▸ **What to work on**
Transcribe nothing except the lines below that run from the one with "Beautiful open floor" to the one with "В качестве примера", ends included, and do not copy any picture.

▸ **Records provided**
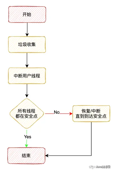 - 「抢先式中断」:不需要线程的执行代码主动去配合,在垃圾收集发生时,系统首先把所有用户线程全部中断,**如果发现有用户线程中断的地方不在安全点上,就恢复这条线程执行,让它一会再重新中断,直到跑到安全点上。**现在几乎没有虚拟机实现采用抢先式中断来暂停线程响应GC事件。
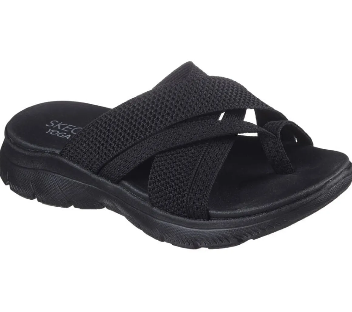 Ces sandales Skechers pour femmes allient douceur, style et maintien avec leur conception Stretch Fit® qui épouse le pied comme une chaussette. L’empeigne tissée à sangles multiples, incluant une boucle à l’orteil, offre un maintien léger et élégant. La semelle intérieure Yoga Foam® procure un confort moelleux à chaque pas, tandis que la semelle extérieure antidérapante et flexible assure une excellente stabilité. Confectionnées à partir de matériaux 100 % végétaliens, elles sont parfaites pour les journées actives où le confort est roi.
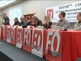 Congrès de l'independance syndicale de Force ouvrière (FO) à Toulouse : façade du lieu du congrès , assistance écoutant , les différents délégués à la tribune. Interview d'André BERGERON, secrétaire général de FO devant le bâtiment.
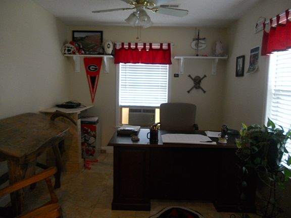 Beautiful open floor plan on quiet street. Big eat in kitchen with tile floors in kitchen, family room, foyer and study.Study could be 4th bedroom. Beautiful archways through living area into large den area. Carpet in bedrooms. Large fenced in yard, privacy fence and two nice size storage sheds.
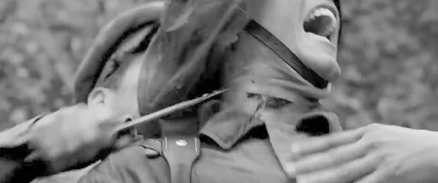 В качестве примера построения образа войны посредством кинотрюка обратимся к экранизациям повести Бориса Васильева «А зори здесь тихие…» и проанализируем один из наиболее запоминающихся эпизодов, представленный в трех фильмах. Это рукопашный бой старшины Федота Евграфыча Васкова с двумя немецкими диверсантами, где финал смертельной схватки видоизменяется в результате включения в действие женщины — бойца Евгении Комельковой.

---

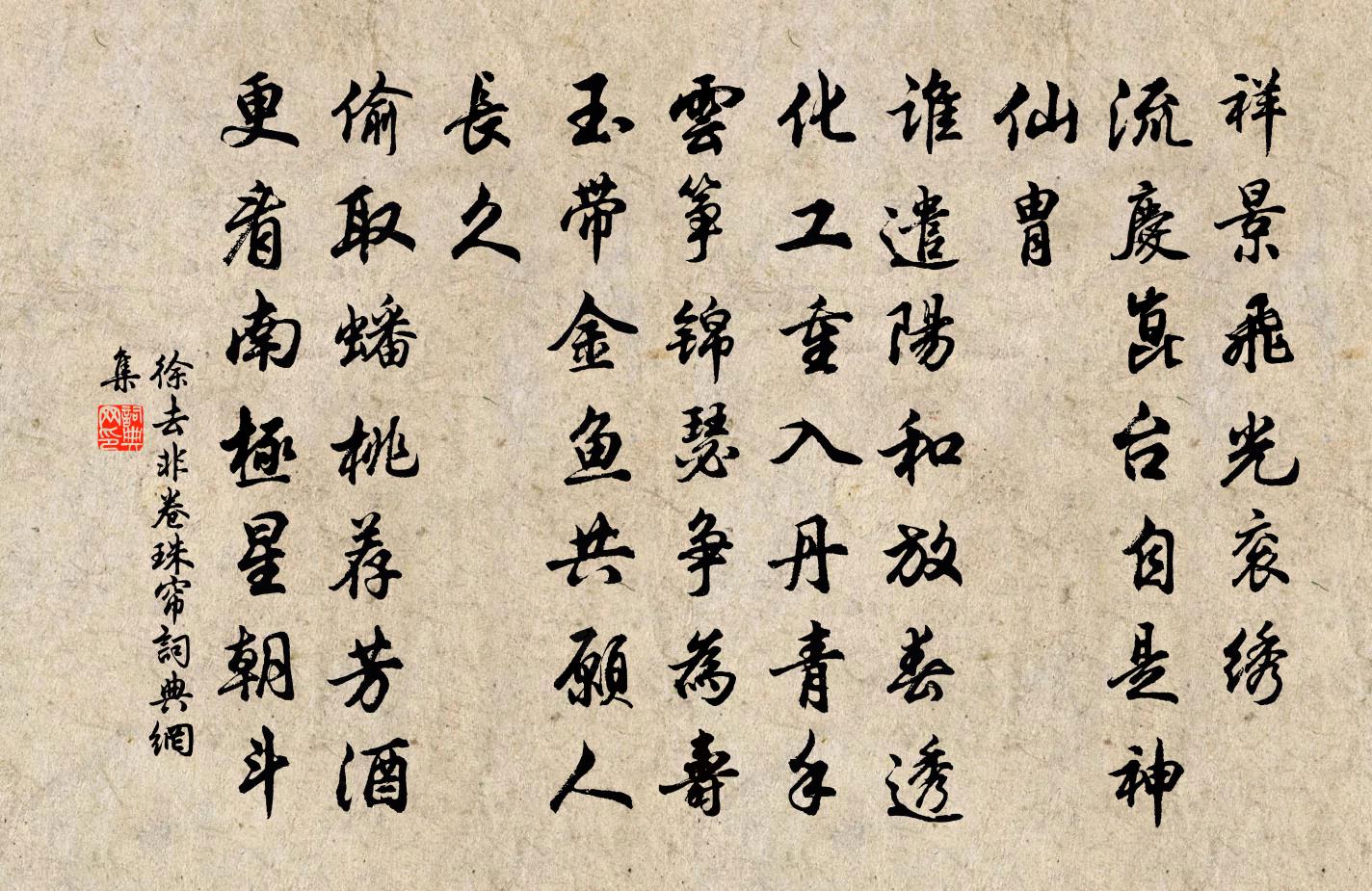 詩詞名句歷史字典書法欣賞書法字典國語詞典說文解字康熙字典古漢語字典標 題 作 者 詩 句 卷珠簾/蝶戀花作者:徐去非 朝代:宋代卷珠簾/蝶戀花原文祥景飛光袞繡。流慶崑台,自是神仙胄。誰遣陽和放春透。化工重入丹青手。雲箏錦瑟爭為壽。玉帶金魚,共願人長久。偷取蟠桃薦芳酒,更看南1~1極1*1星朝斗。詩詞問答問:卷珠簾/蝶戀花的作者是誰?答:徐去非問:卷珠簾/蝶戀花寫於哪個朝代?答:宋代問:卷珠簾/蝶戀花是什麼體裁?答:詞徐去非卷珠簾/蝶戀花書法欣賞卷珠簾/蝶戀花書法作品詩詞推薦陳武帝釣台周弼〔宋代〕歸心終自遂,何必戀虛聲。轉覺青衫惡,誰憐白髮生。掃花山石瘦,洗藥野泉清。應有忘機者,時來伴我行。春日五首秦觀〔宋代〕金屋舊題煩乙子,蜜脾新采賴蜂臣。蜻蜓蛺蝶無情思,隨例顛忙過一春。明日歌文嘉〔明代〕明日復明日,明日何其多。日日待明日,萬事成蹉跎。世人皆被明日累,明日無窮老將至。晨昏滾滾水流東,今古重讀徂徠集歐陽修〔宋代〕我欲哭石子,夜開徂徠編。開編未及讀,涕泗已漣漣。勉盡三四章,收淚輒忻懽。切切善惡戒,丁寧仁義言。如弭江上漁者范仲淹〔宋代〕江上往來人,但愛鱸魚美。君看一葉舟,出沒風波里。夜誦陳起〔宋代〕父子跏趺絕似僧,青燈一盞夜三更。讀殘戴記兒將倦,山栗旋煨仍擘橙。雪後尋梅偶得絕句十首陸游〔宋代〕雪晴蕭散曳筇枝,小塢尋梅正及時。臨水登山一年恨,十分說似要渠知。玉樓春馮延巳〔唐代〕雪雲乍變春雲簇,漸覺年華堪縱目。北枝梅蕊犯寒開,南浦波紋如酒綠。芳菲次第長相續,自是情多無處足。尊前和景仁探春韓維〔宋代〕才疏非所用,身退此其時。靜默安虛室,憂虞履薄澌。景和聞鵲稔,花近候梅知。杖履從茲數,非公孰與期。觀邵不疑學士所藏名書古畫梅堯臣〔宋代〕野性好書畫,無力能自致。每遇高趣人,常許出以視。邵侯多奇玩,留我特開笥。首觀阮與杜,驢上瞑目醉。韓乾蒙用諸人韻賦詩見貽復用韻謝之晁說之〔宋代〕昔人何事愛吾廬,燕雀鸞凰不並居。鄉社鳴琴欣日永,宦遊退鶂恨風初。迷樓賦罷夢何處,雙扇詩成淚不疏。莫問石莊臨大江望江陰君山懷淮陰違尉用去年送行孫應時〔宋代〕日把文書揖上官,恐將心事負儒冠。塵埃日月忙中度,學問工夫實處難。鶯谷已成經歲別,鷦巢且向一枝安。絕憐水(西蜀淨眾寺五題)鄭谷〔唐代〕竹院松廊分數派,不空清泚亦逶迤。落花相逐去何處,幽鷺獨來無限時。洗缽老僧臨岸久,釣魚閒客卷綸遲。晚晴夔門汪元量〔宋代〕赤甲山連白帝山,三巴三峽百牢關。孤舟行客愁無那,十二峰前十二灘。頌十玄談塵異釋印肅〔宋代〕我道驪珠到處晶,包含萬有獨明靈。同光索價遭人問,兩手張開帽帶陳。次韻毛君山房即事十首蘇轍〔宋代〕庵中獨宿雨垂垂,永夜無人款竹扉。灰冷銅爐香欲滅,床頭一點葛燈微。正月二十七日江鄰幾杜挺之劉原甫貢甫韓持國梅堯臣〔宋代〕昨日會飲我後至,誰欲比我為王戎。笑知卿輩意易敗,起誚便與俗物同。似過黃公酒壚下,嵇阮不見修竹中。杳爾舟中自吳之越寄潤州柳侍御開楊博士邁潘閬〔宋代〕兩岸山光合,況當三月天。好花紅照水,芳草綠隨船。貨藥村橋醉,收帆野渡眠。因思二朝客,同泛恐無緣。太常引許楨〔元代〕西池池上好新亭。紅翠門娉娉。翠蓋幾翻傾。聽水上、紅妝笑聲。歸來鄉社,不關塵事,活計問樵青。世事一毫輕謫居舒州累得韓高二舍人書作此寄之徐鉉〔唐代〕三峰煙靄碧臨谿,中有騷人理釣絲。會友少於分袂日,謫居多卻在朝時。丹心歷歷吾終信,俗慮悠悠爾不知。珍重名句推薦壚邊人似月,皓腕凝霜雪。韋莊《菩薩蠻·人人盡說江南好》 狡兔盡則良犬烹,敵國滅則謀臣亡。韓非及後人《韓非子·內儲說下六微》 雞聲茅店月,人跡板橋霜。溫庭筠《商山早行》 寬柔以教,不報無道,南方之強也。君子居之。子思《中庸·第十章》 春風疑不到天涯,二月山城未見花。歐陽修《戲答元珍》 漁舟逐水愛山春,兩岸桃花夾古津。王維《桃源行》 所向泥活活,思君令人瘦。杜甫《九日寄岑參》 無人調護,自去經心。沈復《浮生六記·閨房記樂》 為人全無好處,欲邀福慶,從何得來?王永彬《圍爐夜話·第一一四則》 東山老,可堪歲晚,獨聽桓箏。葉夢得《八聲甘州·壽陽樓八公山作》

▸ **Expected answer**
 Beautiful open floor plan on quiet street. Big eat in kitchen with tile floors in kitchen, family room, foyer and study.Study could be 4th bedroom. Beautiful archways through living area into large den area. Carpet in bedrooms. Large fenced in yard, privacy fence and two nice size storage sheds.
 В качестве примера построения образа войны посредством кинотрюка обратимся к экранизациям повести Бориса Васильева «А зори здесь тихие…» и проанализируем один из наиболее запоминающихся эпизодов, представленный в трех фильмах. Это рукопашный бой старшины Федота Евграфыча Васкова с двумя немецкими диверсантами, где финал смертельной схватки видоизменяется в результате включения в действие женщины — бойца Евгении Комельковой.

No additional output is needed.